**** DATA BLOCK ****

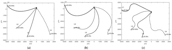 Figure 6 shows the flight trajectories of the four UIVs and the target, with the end of each trajectory indicating the actual attack time for each UIV. Figure 6a shows the flight trajectories when proportional guidance is employed, with each trajectory representing the path taken by the UIV to reach the target. Figure 6b displays the flight trajectories with the navigation path when the proposed guidance law (including target motion compensation in the feedback control) is employed without maneuvering by the UIVs. In Figure 6c, the UIV employs the proposed segmentation control strategy in addition to the guidance law, allowing for both time control and maneuvering. It is clear from the simulation results that the flight paths in Figure 6a are the smoothest, followed by the ones in Figure 6b, and then those in Figure 6c. The more maneuvering the UIV performs, the more curved its flight path becomes. This is mainly because the guidance law with time control causes the UIVs to consume more time, which is not required, to achieve simultaneous attacks.
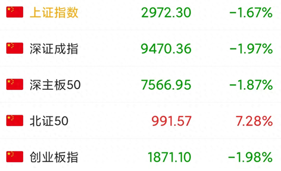 股市环境的好坏决定行情的好坏,比如今天各大板块都在跌,指数除了北证50都在跌,内部环境堪忧;叠加今天外部环境的负面影响,港股和日经股市都在下跌,跌幅均超1%,给予A股跌破3000点承受巨大的压力。
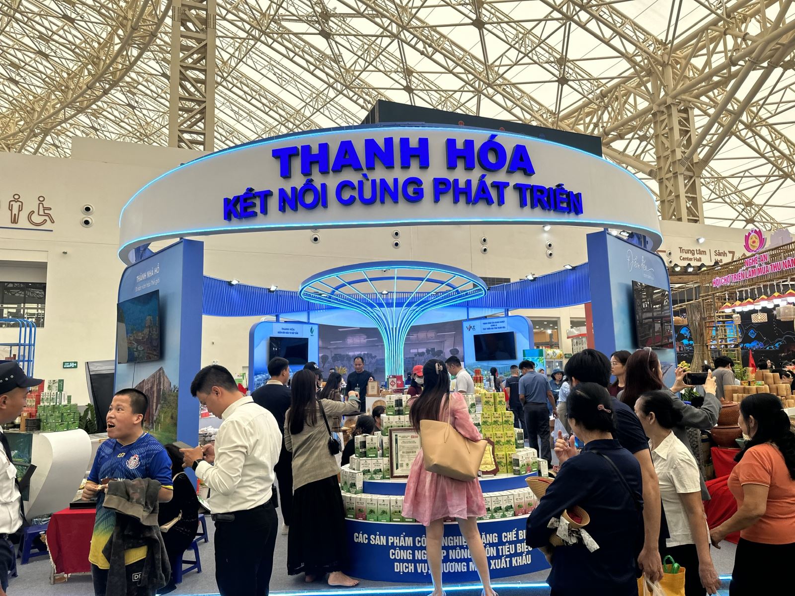 Khu trưng bày của Thanh Hóa gây ấn tượng bởi thiết kế hiện đại, lấy gam xanh làm chủ đạo với thông điệp “Kết nối cùng phát triển”. Gian hàng trưng bày đa dạng các sản phẩm công nghiệp chế biến, nông sản tiêu biểu và sản phẩm OCOP, từ mật ong, dược liệu đến đặc sản biển Sầm Sơn. Không khí giao thương sôi nổi khi du khách, doanh nghiệp và người dân cùng trao đổi, tìm hiểu về tiềm năng của vùng đất xứ Thanh - nơi đang chuyển mình mạnh mẽ giữa truyền thống và công nghiệp hiện đại.

****

EXERCISE GOAL: Copy out every line of the data above, taking care to leave the pictures out.

WRITTEN RESPONSE:
 Figure 6 shows the flight trajectories of the four UIVs and the target, with the end of each trajectory indicating the actual attack time for each UIV. Figure 6a shows the flight trajectories when proportional guidance is employed, with each trajectory representing the path taken by the UIV to reach the target. Figure 6b displays the flight trajectories with the navigation path when the proposed guidance law (including target motion compensation in the feedback control) is employed without maneuvering by the UIVs. In Figure 6c, the UIV employs the proposed segmentation control strategy in addition to the guidance law, allowing for both time control and maneuvering. It is clear from the simulation results that the flight paths in Figure 6a are the smoothest, followed by the ones in Figure 6b, and then those in Figure 6c. The more maneuvering the UIV performs, the more curved its flight path becomes. This is mainly because the guidance law with time control causes the UIVs to consume more time, which is not required, to achieve simultaneous attacks.
 股市环境的好坏决定行情的好坏,比如今天各大板块都在跌,指数除了北证50都在跌,内部环境堪忧;叠加今天外部环境的负面影响,港股和日经股市都在下跌,跌幅均超1%,给予A股跌破3000点承受巨大的压力。
 Khu trưng bày của Thanh Hóa gây ấn tượng bởi thiết kế hiện đại, lấy gam xanh làm chủ đạo với thông điệp “Kết nối cùng phát triển”. Gian hàng trưng bày đa dạng các sản phẩm công nghiệp chế biến, nông sản tiêu biểu và sản phẩm OCOP, từ mật ong, dược liệu đến đặc sản biển Sầm Sơn. Không khí giao thương sôi nổi khi du khách, doanh nghiệp và người dân cùng trao đổi, tìm hiểu về tiềm năng của vùng đất xứ Thanh - nơi đang chuyển mình mạnh mẽ giữa truyền thống và công nghiệp hiện đại.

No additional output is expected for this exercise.